**Activity**:
Since the pictures are not wanted, retype the listing below exactly and without them.

START Source material

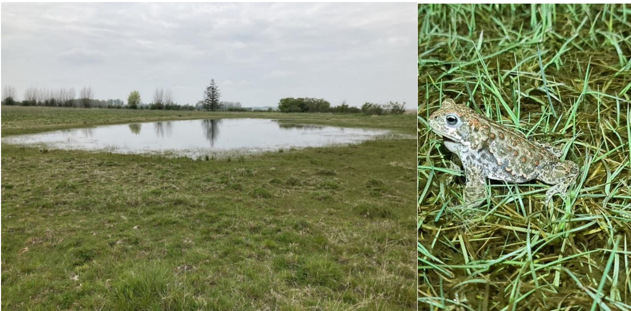
Figur 6: Der er etableret midlertidigt vandfyldte lavninger med henblik på at forbedre området som levested for bl.a. engfugle og strandtudse.

* Omfatter ikke offentlige arealer, hvor ejeren gennemfører Natura 2000-planen i egne planer for forvaltningsindsatser. Se resumé af plan for forvaltningsindsatserne i bilag 1.
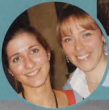
Alumnibijeenkomst Brussel: 29 november 2004

END Source material

**Solution for this task**:
Figur 6: Der er etableret midlertidigt vandfyldte lavninger med henblik på at forbedre området som levested for bl.a. engfugle og strandtudse.

* Omfatter ikke offentlige arealer, hvor ejeren gennemfører Natura 2000-planen i egne planer for forvaltningsindsatser. Se resumé af plan for forvaltningsindsatserne i bilag 1.
Alumnibijeenkomst Brussel: 29 november 2004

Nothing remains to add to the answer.